Do I read this right that according to § 57C-3-02 Cessation of membership 3b the member filing for bankruptcy automatically looses all rights as a member of the LLC? So that member has no right to run the company or access financial resources?
2 attorney answers
This is a really good question. Frankly, I have found that the NC statute you reference (NCGS 57C-3-02) is one that many attorneys, including bankruptcy attorneys, do not even know exists! Years ago, I asked a bankruptcy Trustee what his thoughts were about the statute and he said, "huh?" True story.
In any event, the statute exists and is on the books, regardless of whether attorneys and Trustees know about it or not. The important thing is the ramifications of the statute. What I have found in filing over 2000 cases during the past decade and a half is that, from a practical standpoint, nothing happens. Maybe this is due to attorneys not knowing about the law, or maybe it is because the actual effect of the law is minimal. Moreover, if you look at the law carefully, most of the effects of it can be remedied by unanimous consent of the other members. Lots and lots of LLCs have only one Member. In that case, if the member files for bankruptcy protection, she can arguably simply vote to reinstate all of her rights post-filing. Many other LLCs are closely held between family members. Assuming they all get along, these family members can arguably vote to reinstate the rights of a member who filed for bankruptcy protection. Finally, operating agreements can be written at the outset to circumvent this, and other, issues involving bankruptcy and debt issues of the members.

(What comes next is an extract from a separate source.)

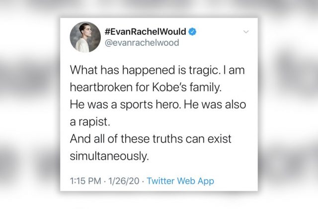 Aktorja Evan Rachel Wood ka marrë komente pafund pasi e quajti basketbollistin Kobe Bryant “përdhunues”, vetëm disa orë pas vdekjes së tij .

If you and/or a co-member of a NC LLC are considering filing for bankruptcy protection then you should consult with a qualified bankruptcy attorney. As an Asheville Bankruptcy attorney and bankruptcy specialist, I would recommend a specialist who is certified by the NC State Bar. A specialist, particularly one who files business bankruptcies, can best discuss your options.
Usually that issue is covered in the Operating Agreement and it may be a "triggering" event that allows the other members to purchase the bankrupt party's membership interest and sometimes at a discounted price. BK triggering events are sometimes grouped with other items such as death, disability, retirement, etc. Take a look in the Op. Agmt to see if it contains such provisions (sometimes referred to as "Involuntary Transfers"). if not a repurchase event then many times a BK event changes a voting interest into a non-voting interest so that if a creditor succeeds to the BK member's interest the creditor can not cause any issues as to how the business is run.
My answer is not intended to be giving legal advice and this topic can be a complex area where the advice of a licensed attorney in your State should be obtained.